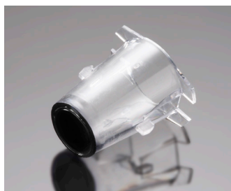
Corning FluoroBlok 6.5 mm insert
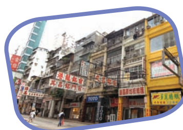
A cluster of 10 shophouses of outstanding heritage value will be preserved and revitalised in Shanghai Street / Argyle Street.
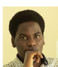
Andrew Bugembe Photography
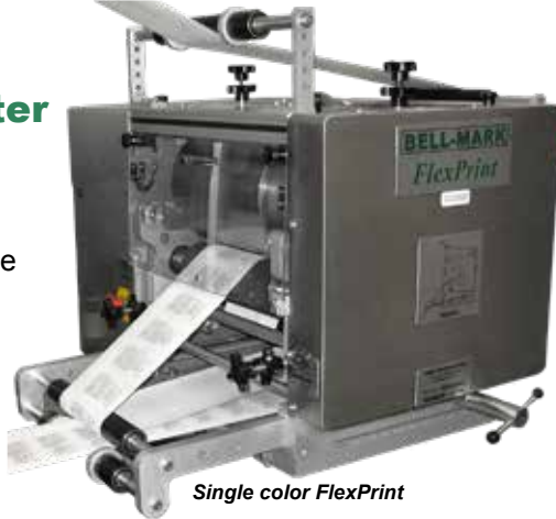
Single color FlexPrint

——————————

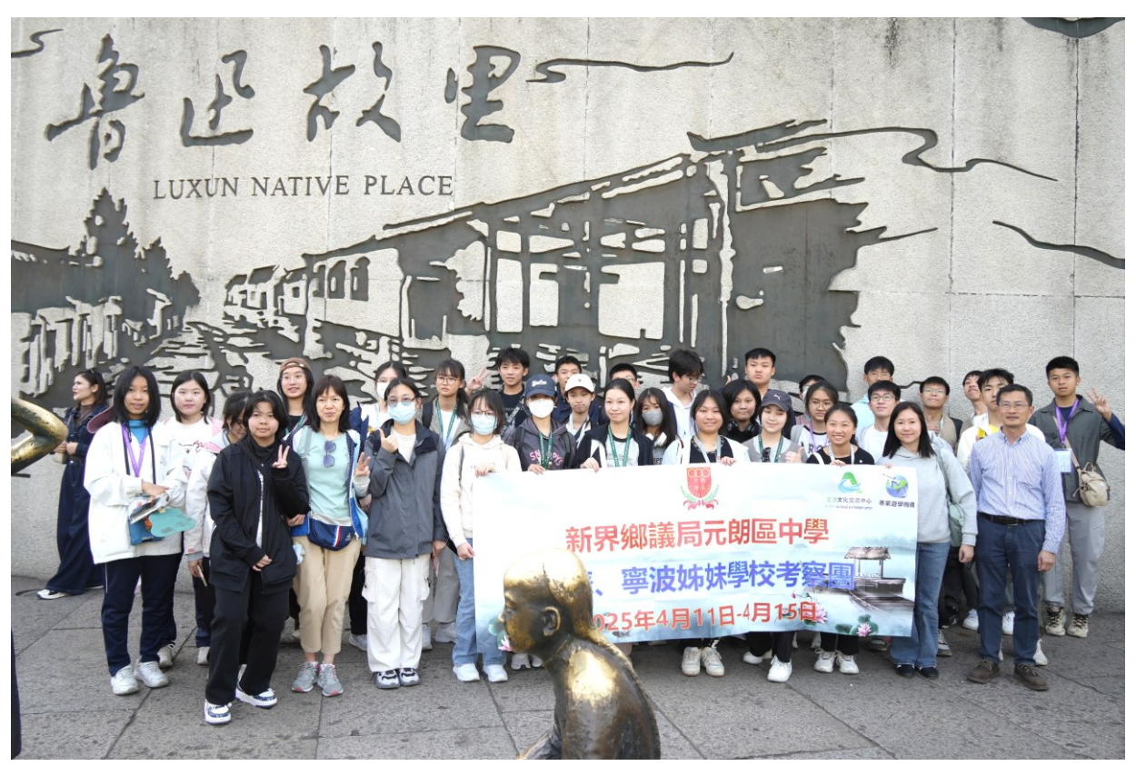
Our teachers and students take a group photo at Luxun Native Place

——————————

_EXERCISE PROMPT_
Return exactly the part of the listing above that opens with the line containing "Andrew Bugembe Photography" and closes with the line containing "Single color FlexPrint". Pictures stay out.

_RESULT BELOW_
Andrew Bugembe Photography
Single color FlexPrint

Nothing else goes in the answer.